Is ~i really equivalent to i != -1?

Question

How does ~i work in C++?

I just noticed it is equivalent to i != -1 , but I'm not certain about that.

int arr[3] {1, 2, 3};
int n = 3;
for (int i = n - 1; ~i; i--) {
    cout << arr[i] << ' ';
}

It printed the array in reverse.

Answer 1

~ is the bitwise NOT operator. ~i is 0 if and only if i has 1 in all its bits. Whether -1 has all bits 1 depends on how signed numbers are represented on the system. In two's complement representation, -1 is represented with all bits 1, so on such systems ~(-1) == 0 . Neither in one's complement, nor in sign-and-magnitude does that hold true.

Therefore, the answer is no; not on all systems. That said, two's complement is fairly ubiquitous in modern machines (everything made since the 90's), and on such systems, the answer is yes. Regardless of the sign representation however, i != -1 is much more readable.

Answer 2

~i is bitwise NOT operator.
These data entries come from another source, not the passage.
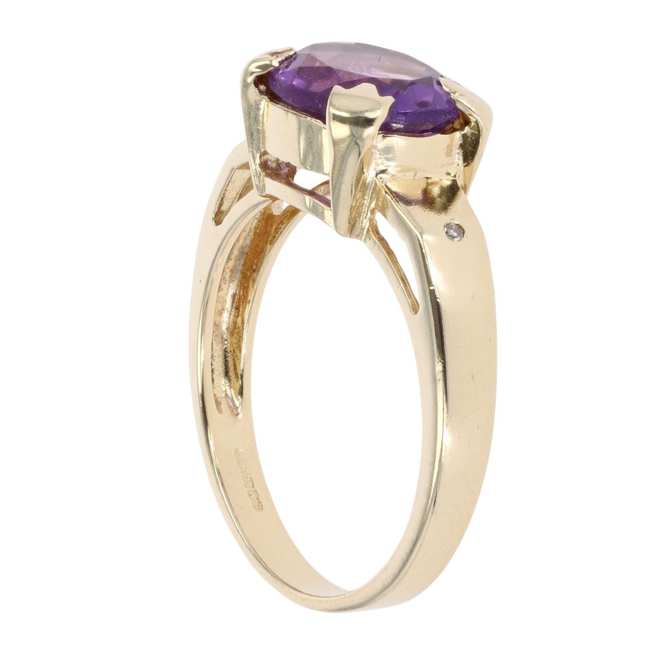9ct Yellow Gold Amethyst and 0.05ct Diamond Ring
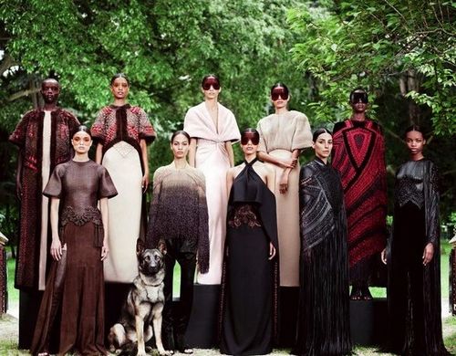 紀(jì)梵希2012年秋冬高級(jí)定制,透過(guò)強(qiáng)烈的對(duì)比設(shè)計(jì),本季高級(jí)定制系列盡顯高超的手工工藝。Riccardo Tisci巧妙地利用對(duì)比效果,彰顯出女性的力量與魅力。濃郁的吉普賽風(fēng)情與60年代的簡(jiǎn)約線條交融互匯,豐富精致的材質(zhì)、工藝與極簡(jiǎn)的構(gòu)圖相映生輝。繭狀披肩上,飾有金屬環(huán)的編織皮革和精細(xì)的紅色珠繡圖案,格外醒目。此圖案更延伸至黑紅串珠流蘇的末端。
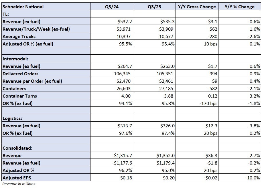 Schneider (NYSE: SNDR) reported adjusted EPS of 18 cents in the third quarter, which was 5 cents worse than the consensus estimate and 2 cents lower year over year. Lower gains on both equipment sales and equity investments presented a 4-cent y/y drag. It also said higher insurance and claims costs were a 4-cent headwind even though incident frequency declined.
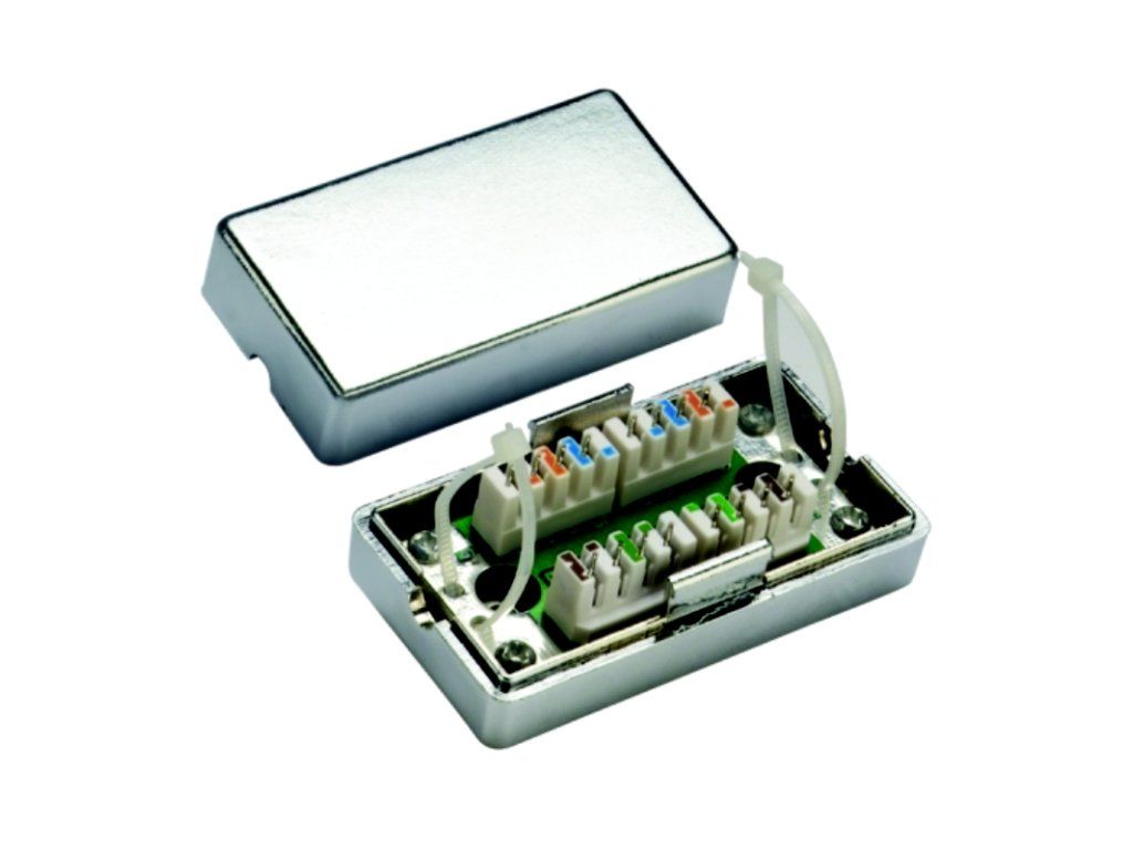 Stíněná spojka cat.5e pro spojení dvou kabelů pomocí zářezového pole.

Ie it inverts every bit in i . -1 is represented binary as every bit of number being set to 1, inverting every bit to 0 gets you 0. And when checking integer in place where bool is expected 0 is treated as false and any other number as true .
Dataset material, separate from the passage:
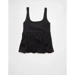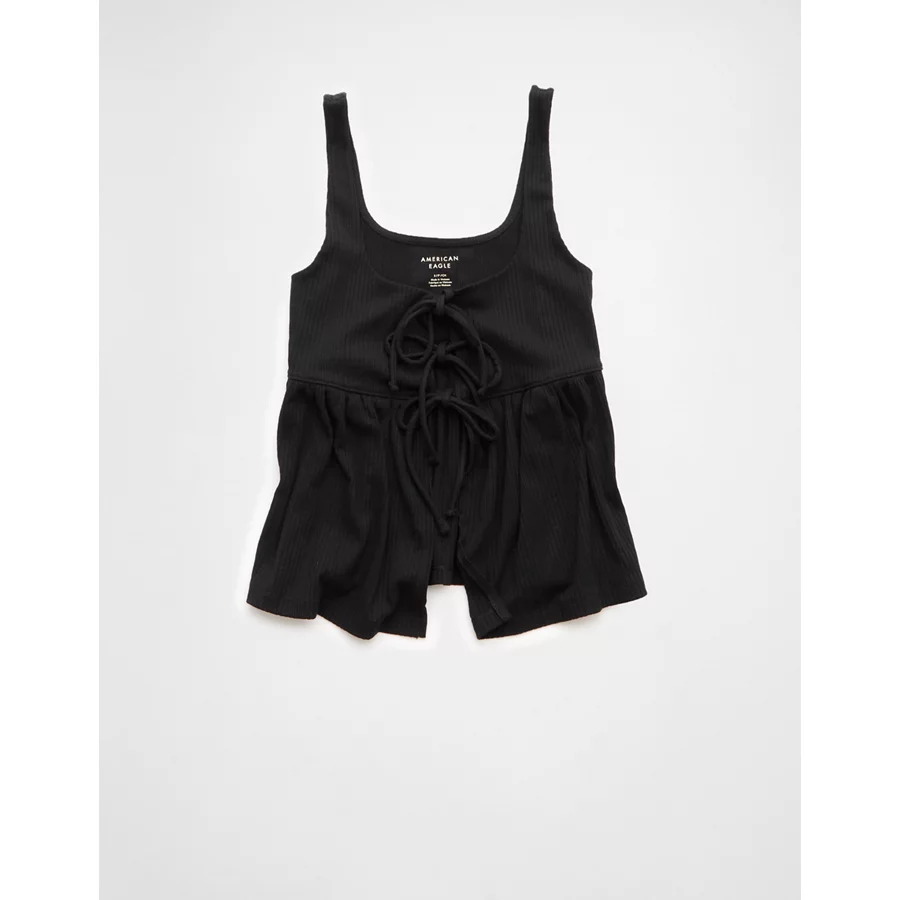 AE Tie Front Flyaway Babydoll Tank Top – True Black
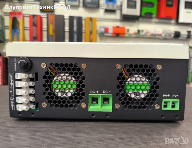Това устройство условно съчетава в себе си мрежово и соларно MPPT зарядни устройства, инвертор и общ програмен блок, предлагащ богат избор от настройки - около 30 позиции, чрез които потребителя задава необходимите му параметри и алгоритъм на работа. Те се въвеждат от бутоните под дисплея или чрез WI-FI комуникация през интернет (ако WI-FI модула се закупи допълнително). Чрез него можете и да наблюдавате работата на системата отдалечено – соларен добив, текуща консумация и много други данни. Комбинира източниците на захранване в избраната от потребителя последователност. Предлага работа само като непрекъсваем източник на захранване (UPS), или може да осигурява захранване на места без връзка със електропреносната мрежа. Дава възможност за избор на източник за зарждане на батериите – слънце/мрежа/комбинирано. Буферира през акумулаторите (без да ги циклира) енергията от фотоволтаиците и я подава към консуматорите. Различното при този модел е, че работи със ниско напрежение от соларните панели и може да поеме по-голям входящ ток. Тук MPPT диапазона е 15-105V. Това дава възможност за инсталиране на няколко фотоволтаични панела или групи с еднакви или близки параметри с различен наклон и ориентация. Максималната оползотворяема мощност от фотоволтаиците е 900W, a максималната им инсталирана мощност може да бъде до 2100W. По този начин можете да си осигурите сигурен добив от 700-900 вата от сутрин до късен следобяд, дори и при относително лошо време. Този модел е удачен основно за островни или UPS системи. Много практичен е и за жилищни сгради, които позволяват инсталиране само на един -два фотоволтаика, дори ориентирани в различна посока. Обърнете внимание, че този модел не може да смесва соларна и мрежова енргия. Тази функция я предлагат основно високоволтови хибридни инвертори (400-450V от PV) с нисък ток от PV (до 12-13А за 12V системи). При тях всички панели се свързват последователно и се ориентират в една посока, като се цели фотоволтаичния масив да бъде с високо напрежение, заради диапазона на MPPT контролера, например 60-360V. Можете да дублирате два източника на захранване посредством различни автоматични или ръчни превключватели. Така ще можете да избирате от къде консуматорите или инвертора да черпят мощност – мрежа, генератор, инвертор или друг източник на захранване.

So, in this particular case yes, ~i is equivalent with i != -1 .

Answer 3

Because your i variable from for loop is of type int, which is defined as signed integer, and as such in twos complement, its binary representation of value -1 is all bits set, what means all bits are 1. On other side, bitwise negation of all ones is all zeros, and that is what you need, loop to execute until i>=0 or i!=-1, since you decrementing i. In that context of bitwise operations on sign values on system has twos complement binary representation of int, yes, it is the same.